ECEESPE2025 Poster Presentations Endocrine Related Cancer (76 abstracts)
1Lithuanian University of Health Sciences, Department of Endocrinology, Kaunas, Lithuania; 2Lithuanian University of Health Sciences, Department of Endocrinolgy, Kaunas, Lithuania; 3Medical academy, Lithuanian University of Health Sciences, Kaunas, Lithuania
JOINT2682
Background: Follicular thyroid adenomas, though benign, are rare in pediatric populations and may pose diagnostic and therapeutic challenges due to their potential overlap with malignancies. Burkitt lymphoma, a high-grade B-cell non-Hodgkin lymphoma, accounts for 30% of pediatric lymphomas and typically presents with rapidly enlarging lymph nodes or extranodal masses. The co-occurrence of these two distinct conditions in a pediatric patient is exceptionally rare and has not been previously reported, underscoring the need for careful evaluation and a multidisciplinary approach to management.
Clinical Case: We report the case of an 8-year-old male presenting with a one-year history of progressive cervical lymphadenopathy. Clinical examination revealed a 3. 5 cm firm, non-tender, poorly mobile submandibular lymph node conglomerate on the right side, along with smaller lymph nodes in the anterior cervical and submandibular regions bilaterally. The patient exhibited no systemic symptoms of infection or malignancy. Family history revealed malignancies on the maternal side, including intestinal, lung, and uterine cancers, raising concerns about genetic predispositions. Initial investigations, including ultrasonography and fine-needle aspiration biopsy (FNAB) of a thyroid nodule, suggested hyperplastic changes. Biochemical findings were significant for suppressed TSH: <0. 01 mU/l (N 0. 43. 6) with elevated FT4: 25. 99 pmol/l (N 7. 8720. 3), consistent with thyrotoxicosis. Despite antibiotic therapy, the lymphadenopathy persisted, prompting further imaging and evaluation. Subsequent histopathological analysis of a resected thyroid nodule and adjacent lymph nodes revealed the coexistence of Burkitt lymphoma and follicular thyroid adenoma, confirmed by immunohistochemical studies. The patient underwent hemityroidectomy and lymphadenectomy followed by chemotherapy for Burkitt lymphoma. Thyroid hormone replacement therapy was initiated postoperatively, and the patient remains under close endocrinological and oncological follow-up.

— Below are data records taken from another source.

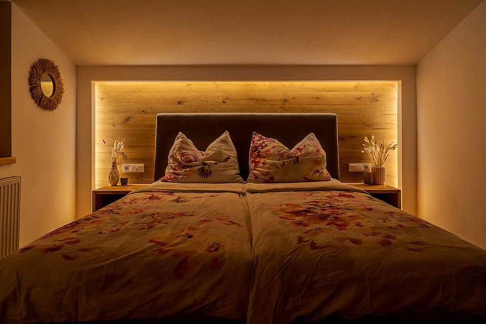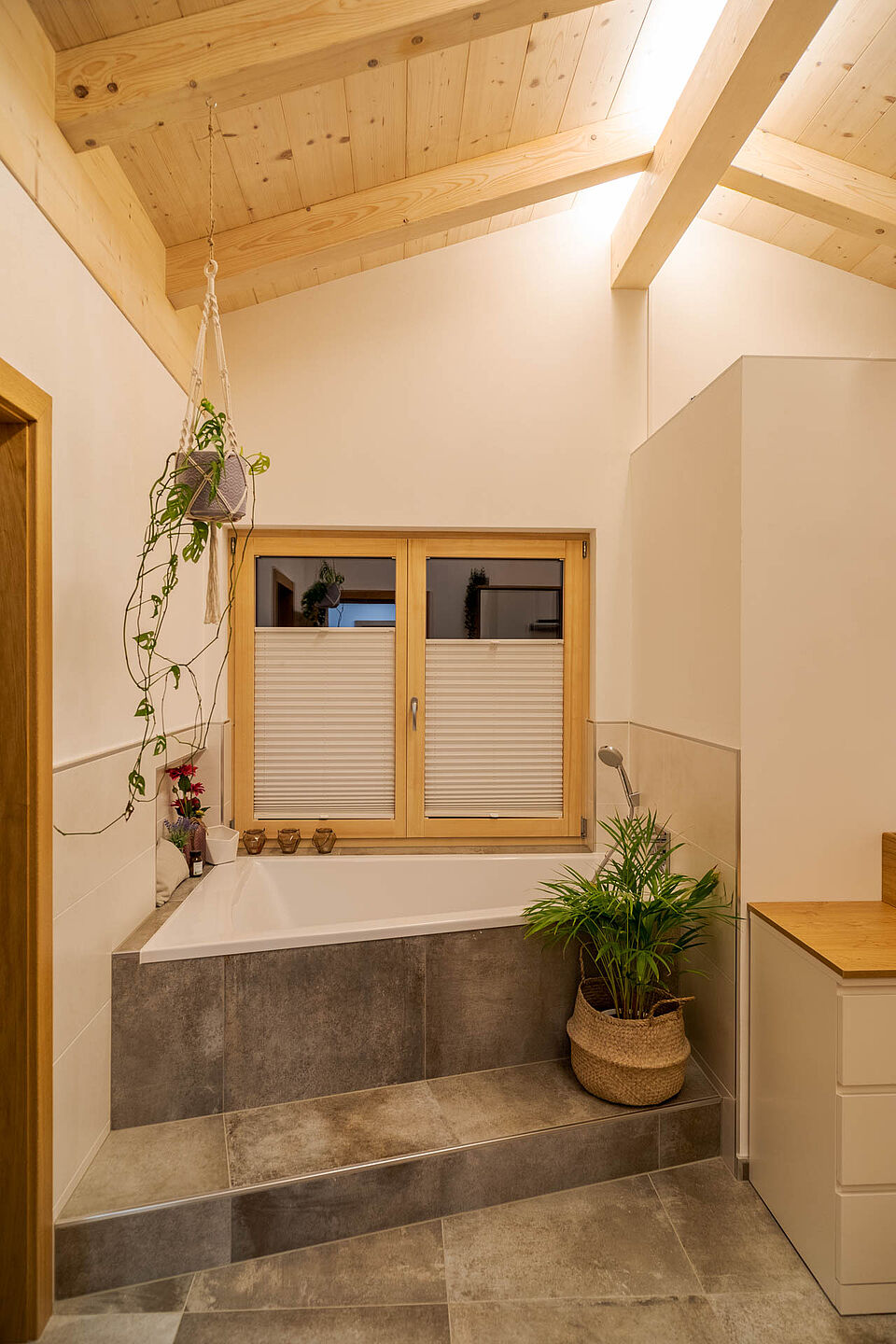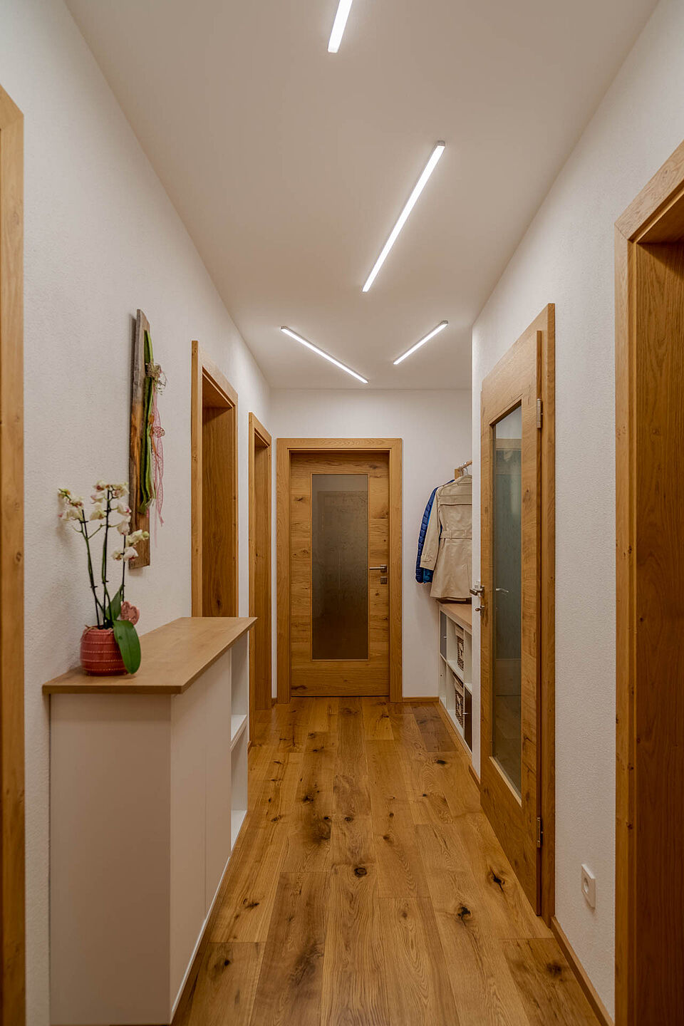 Für die Holztram im Badezimmer wurde ein BILTON TWO mit 12 Volt in der Schutzart IPX6 im Einbauprofil CT01 verwendet. Im Vorraum kam ein BILTON ONE 1300 im Aufbauprofil XT02 zum Einsatz. Und das Schlafzimmer wird in einem warmen Licht mit 2.700 Kelvin von einem BILTON ONE 900 beleuchtet.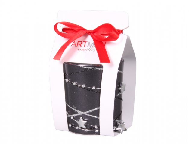 Vonná svíčka ve skle ozdobeném glitrovými proužky a hvězdičkami. Sklo je umístěno v dárkové papírové krabičce s mašličkou. Hmotnost náplně: 130 g. Výška: 8,3 cm, šířka: 7,4 cm.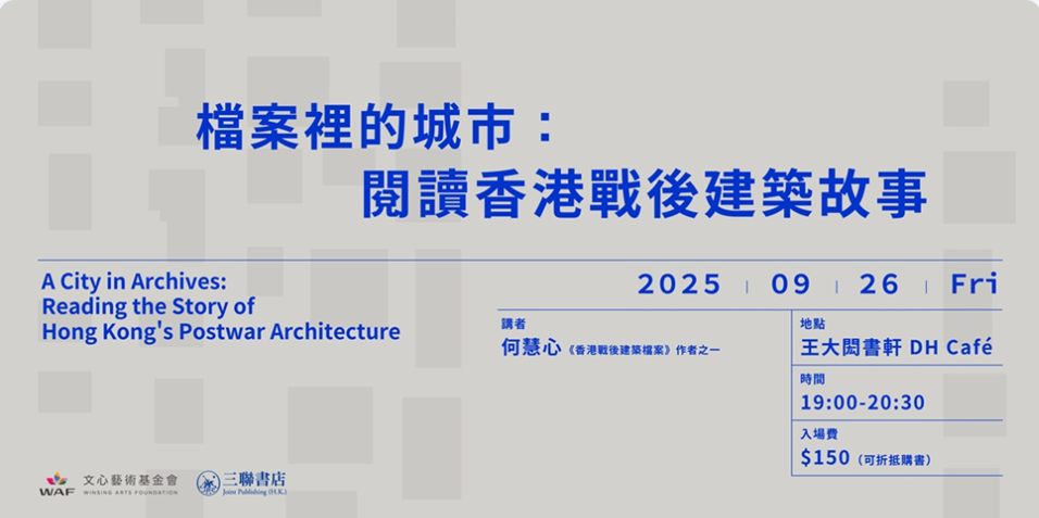 本次新書分享會由《香港戰後建築檔案》作者之一何慧心主講,分享她如何透過翻閱舊檔案、蒐集與重繪圖像,重新認識自己未曾親歷的年代,並從日常生活的觀察出發,閱讀香港這座城市的歷史故事。她將講述一些出版過程中未被收錄的建築檔案與個人偏愛的空間故事,並思考亞洲戰後建築保存的取捨與挑戰。

Discussion: This case underscores the importance of a multidisciplinary approach in managing pediatric thyroid nodules and lymphadenopathy, particularly when the presentation deviates from typical patterns. The coexistence of Burkitt lymphoma and follicular thyroid adenoma highlights the need for thorough diagnostic workup, including FNAB, imaging, and histopathological confirmation. Additionally, the potential link to familial cancer syndromes, such as DICER1 mutation, warrants further investigation in this patient.
Conclusion: This rare case emphasizes the diagnostic and therapeutic challenges posed by concurrent thyroid and lymphoid pathology in children. Awareness of such presentations can aid in timely diagnosis and optimized care strategies.